It’s easy to blame individuals for their addictions. It’s much harder to confront the collective failure that occurs when addiction becomes a leading cause of death.
In Kotido, a district in Uganda’s Karamoja region, nearly 500 people have died over the past 15 years, not from war, not from disease, but from drinking crude waragi, a toxic, illegally brewed alcohol.
This isn’t merely a public health crisis. It is a moral, economic, and political failure.
According to a report by the Karamoja Peace and Environmental Protection Service (KAPEPS), the victims include mothers, young men, and even warriors, many of whom died after drinking on empty stomachs. Some collapsed from liver failure. Others were killed in alcohol-fuelled raids. This is not about recreational drinking. It’s about desperation, poverty, and systemic neglect.
Let’s be honest: people don’t drink themselves to death when they have better options.
Crude waragi has become both a symptom and a weapon of poverty. Smuggled in jerricans from towns like Jinja and Mbale, it is cheap, unregulated, and often laced with lethal chemicals. It courses through Karamoja’s villages like poison in the bloodstream, unchecked by the institutions meant to protect the people.
Authorities claim they’re cracking down. Police conduct raids. Church leaders speak out. The Kotido District Council even passed an ordinance to ban crude waragi. But here’s the uncomfortable truth: legislation without livelihoods is lip service.
You can’t outlaw addiction. You can only replace despair with dignity.
And dignity can only be achieved through both government intervention and community initiative. I recently visited Moroto Market and was struck by how many of the vendors were not Karamojong, but traders from Mbale, Kampala, Jinja, and beyond. This speaks volumes. If outsiders see opportunity in Karamoja, why not the local population?
Part of me wants to hold the government accountable—and rightly so. But the people of Karamoja must also confront difficult truths. If schools are built and teachers deployed but students don’t show up, can we lay all the blame at the government’s feet? If markets are constructed but remain empty, haven’t we lost the moral high ground to criticize?
A mother in Napumpum told KAPEPS that she watched her husband die from waragi-induced liver failure. Now her teenage son skips school to drink the same brew. “There is no food only alcohol,” she said. How many more families must we bury before we admit that we are not addressing root causes?
Karamoja is battling more than just alcoholism. According to the 2024 National Census, 46% of Ugandans experience food insecurity. The Karamoja Cluster report links hunger, displacement, and alcohol abuse in a vicious cycle. When people are starving, they don’t invest in tomorrow they numb themselves to survive today.

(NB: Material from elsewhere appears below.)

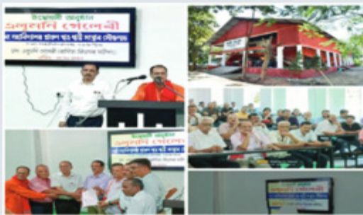
30 September 2023: Inauguration of Alumni Gallery constructed by Darrang College Alumni Association.

If government officials are serious, they must move beyond press releases and police patrols. They must invest in rehabilitation programs, rural enterprise, food security, and community infrastructure. Because as long as waragi remains cheaper than a meal, it will continue to be the hopeless person’s escape.
And let’s not pretend this is just a Kotido problem. What’s happening there is a magnifying glass on a national crisis. We have allowed poverty to ferment into poison, and its effects are not confined to one district.
Kotido’s waragi deaths are not isolated tragedies—they are the result of a broken system. And we all share responsibility.
If we continue to do nothing, more lives will be lost. More children will be orphaned. And another generation will be buried not in promise, but in jerricans and grief.
It’s time to choose: will we keep sending condolences or will we finally send hope?